Would it be possible to write out each entry below exactly, without the pictures?

[Provided records]
┄┄┄┄┄┄┄┄┄┄
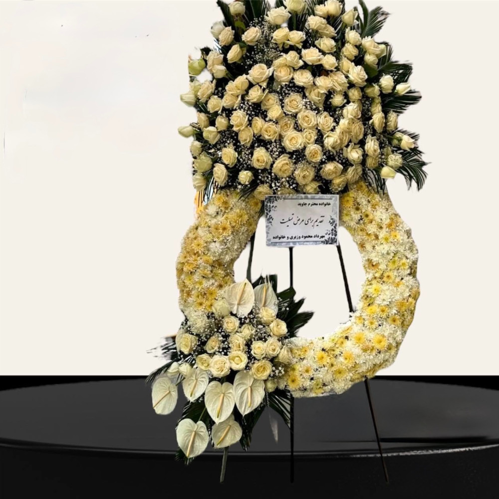 • تاج گل با طراحی خاص یا ترکیب گل‌های لوکس: انتخابی خاص برای ابراز نهایت احترام، مخصوصاً اگر شخص درگذشته از جایگاه اجتماعی یا شخصیتی بالایی برخوردار بوده است.
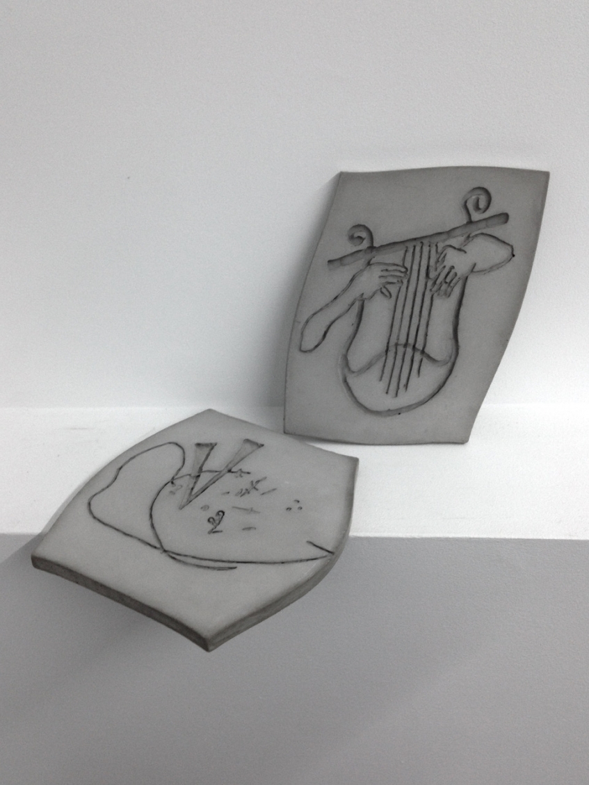 Suite à son arrivée à Paris, François-Xavier initie la mise en volume de ses images grâce à la technique du moulage avec laquelle il crée de nouvelles formes et assemblages en ciment, gravées de dessins, incrustées de petits objets et colorées ou peints. Sa production évolue ainsi vers des formes à la fois plus sculpturales et picturales.
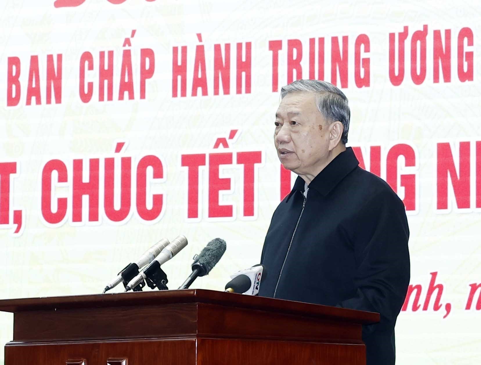 Nhân dịp chuẩn bị đón Tết cổ truyền của dân tộc, Tổng Bí thư Tô Lâm chúc anh chị em công nhân và gia đình một năm mới mạnh khỏe, an toàn, hạnh phúc; chúc mỗi ca sản xuất đều bảo đảm an toàn, mỗi gia đình đều có một cái Tết sum vầy, trọn vẹn.
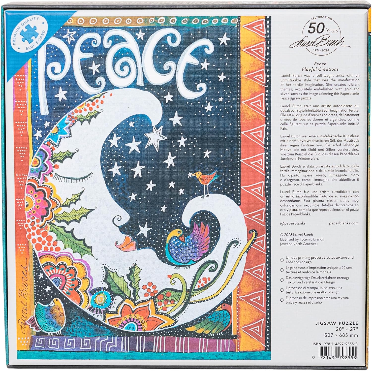 Size: Width: 507mm (20") x Height: 685mm (27")Interior: 1000 pieceColour: Multi-colourPremium quality blue board (specially formulated cardboard)1000 jigsaw piecesComplex imageryDecorative printed and textured paper (similar to our hardcover journals) Laurel Burch was a self-taught artist who relied on her intuition and passion to create vibrant and moving themes with paint and paper. Her goal was to create artworks (such as the one reproduced here) that were reminders of our personal, spiritual inner worlds.
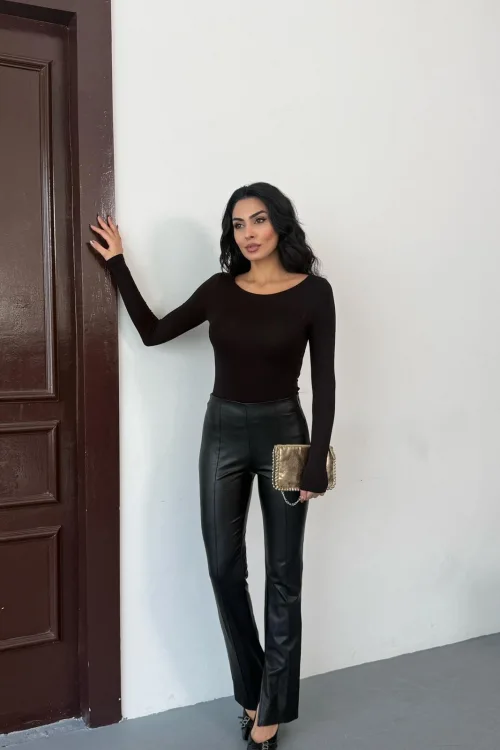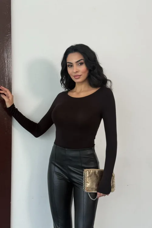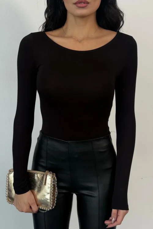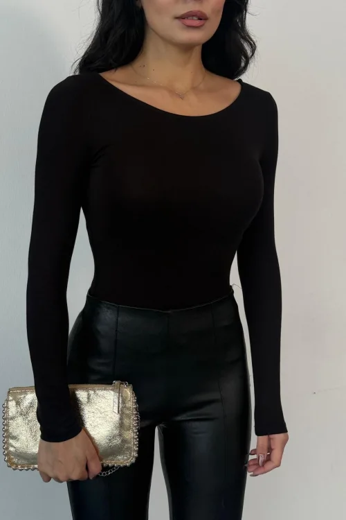 Kadın Açık Yaka Uzun Kollu Basic Body Bluz Siyah
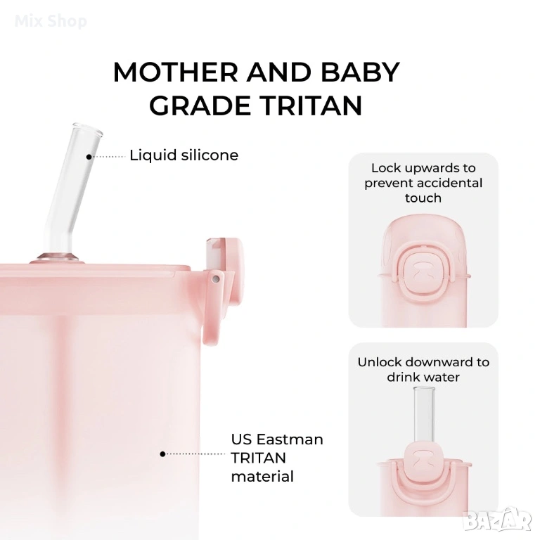 Тритан, подходящ за майката и бебето: Чашката е изработена от тритан, подходящ за майката и бебето, известен със своята здравословна и безопасна здравословна издръжливост. Тританът е устойчив на топлина и не отделя никакви вредни вещества, осигурявайки безопасна основа за ежедневна употреба.
┄┄┄┄┄┄┄┄┄┄
[Answer box]
 • تاج گل با طراحی خاص یا ترکیب گل‌های لوکس: انتخابی خاص برای ابراز نهایت احترام، مخصوصاً اگر شخص درگذشته از جایگاه اجتماعی یا شخصیتی بالایی برخوردار بوده است.
 Suite à son arrivée à Paris, François-Xavier initie la mise en volume de ses images grâce à la technique du moulage avec laquelle il crée de nouvelles formes et assemblages en ciment, gravées de dessins, incrustées de petits objets et colorées ou peints. Sa production évolue ainsi vers des formes à la fois plus sculpturales et picturales.
 Nhân dịp chuẩn bị đón Tết cổ truyền của dân tộc, Tổng Bí thư Tô Lâm chúc anh chị em công nhân và gia đình một năm mới mạnh khỏe, an toàn, hạnh phúc; chúc mỗi ca sản xuất đều bảo đảm an toàn, mỗi gia đình đều có một cái Tết sum vầy, trọn vẹn.
 Size: Width: 507mm (20") x Height: 685mm (27")Interior: 1000 pieceColour: Multi-colourPremium quality blue board (specially formulated cardboard)1000 jigsaw piecesComplex imageryDecorative printed and textured paper (similar to our hardcover journals) Laurel Burch was a self-taught artist who relied on her intuition and passion to create vibrant and moving themes with paint and paper. Her goal was to create artworks (such as the one reproduced here) that were reminders of our personal, spiritual inner worlds.
 Kadın Açık Yaka Uzun Kollu Basic Body Bluz Siyah
 Тритан, подходящ за майката и бебето: Чашката е изработена от тритан, подходящ за майката и бебето, известен със своята здравословна и безопасна здравословна издръжливост. Тританът е устойчив на топлина и не отделя никакви вредни вещества, осигурявайки безопасна основа за ежедневна употреба.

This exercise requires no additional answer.